Normalization in SQL refers to the process of organizing data in a relational database to minimize data redundancy and improve data integrity. This is done by dividing larger tables into smaller, more manageable ones and establishing relationships between them. There are several normal forms, with the most common being first normal form (1NF), second normal form (2NF), and third normal form (3NF). Each normal form has specific rules that must be followed to ensure that the data is properly organized. Normalization can help to improve the performance and maintainability of a database.

First Normal Form (1NF)

First normal form (1NF) is the most basic level of normalization for a relational database. It is defined by the following rules:

  1. Each table must have a primary key, which is a unique identifier for each row in the table.

  2. Each column in the table can contain only atomic (indivisible) values, meaning that it cannot contain repeating groups of data.

Example: Consider a table “Sales” that contains data about sales of a product. The table has the following columns:

  • Sale ID (primary key)
  • Product Name
  • Product Quantity
  • Product Price
  • Customer Name
  • Customer Address

This table is not in 1NF as it violates the 2nd rule of 1NF, as the “Customer Name” and “Customer Address” columns contain multiple values. To bring it in 1NF we can create another table “Customers” with columns “Customer ID” (Primary Key), “Customer Name”, “Customer Address” and in the “Sales” table we can add a foreign key “Customer ID” which references the “Customer ID” in the “Customers” table.

This way we have brought the “Sales” table in 1NF and eliminated the data redundancy.

By enforcing 1NF, we can ensure that the data is stored in a consistent and organized manner, making it easier to maintain and query the data in the future.

Second Normal Form (2NF)

Second normal form (2NF) builds upon the rules of first normal form (1NF) and adds an additional requirement:

  1. The table must be in 1NF
  2. Non-key columns in the table must be dependent on the primary key.

This means that any column in the table that is not part of the primary key must be functionally dependent on the primary key. This means, if we know the primary key, we can determine the value of the non-key columns.

Example: Consider a table “Orders” that contains data about customer orders, with the following columns:

  • Order ID (Primary Key)
  • Customer ID (Primary Key)
  • Product ID (Primary Key)
  • Order Quantity
  • Order Price

This table is in 1NF because it has a primary key and all columns contain atomic values. However, it is not in 2NF because the non-key columns “Order Quantity” and “Order Price” are not dependent on the primary key. They are dependent on the combination of “Customer ID” and “Product ID” which are not part of the primary key. To bring it in 2NF, we can create two new tables “Order_Details” and “Order_Summary” with columns:

Order_Details:

  • Order ID (Primary Key)
  • Product ID (Primary Key)
  • Order Quantity
  • Order_Summary:

Order_Summary:

  • Order ID (Primary Key)
  • Customer ID (Primary Key)
  • Order Price

By breaking the table into two tables, we can ensure that the non-key columns are dependent on the primary key, bringing the table to 2NF.
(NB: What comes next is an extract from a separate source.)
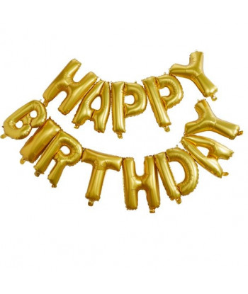 Joyeux anniversaire ! Une guirlande originale pour une décoration d'anniversaire, car cette guirlande est composée de ballons en forme de lettres avec les mots Happy Birthday. Une guirlande ballon pour petits et grands qui mettra les invités immédiatement dans l'ambiance d'un anniversaire  ! Cette guirlande Happy Birthday avec des ballons mylar doré aux effets métallisés décorera votre salle de façon très originale et surprendra vos invités !

By enforcing 2NF, we can ensure that the data is stored in a more efficient and organized manner, making it easier to maintain and query the data in the future. It also eliminates the data redundancy and anomalies caused by partial dependency.

Third Normal Form (3NF)

Third normal form (3NF) builds upon the rules of second normal form (2NF) and adds an additional requirement:

  1. The table must be in 2NF
  2. Non-key columns in the table must not be dependent on other non-key columns.

This means that any column in the table that is not part of the primary key must not be functionally dependent on any other non-key columns. This means, if we know the primary key, we can determine the value of the non-key columns, and the value of other non-key columns should not be dependent on any other non-key columns.

Example: Consider a table “Employees” that contains data about employees, with the following columns:

  • Employee ID (Primary Key)
  • Employee Name
  • Employee Salary
  • Employee Manager ID (Non-key Column)
  • Manager Name (Non-key Column)

This table is in 2NF because it has a primary key and all non-key columns are dependent on the primary key, but it is not in 3NF because the non-key column “Manager Name” is dependent on “Employee Manager ID” which is another non-key column. To bring it in 3NF, we can create a new table “Managers” with columns:

Managers:

  • Manager ID (Primary Key)
  • Manager Name

And in the “Employees” table, we can add a foreign key “Manager ID” which references the “Manager ID” in the “Managers” table.

By breaking the table into two tables, we can ensure that the non-key columns are dependent only on the primary key, bringing the table to 3NF.

By enforcing 3NF, we can ensure that the data is stored in a more efficient and organized manner, making it easier to maintain and query the data in the future. It also eliminates the data redundancy and anomalies caused by transitive dependency. It also makes the database more robust to change, by having a separate table for non-key columns that are dependent on other non-key columns.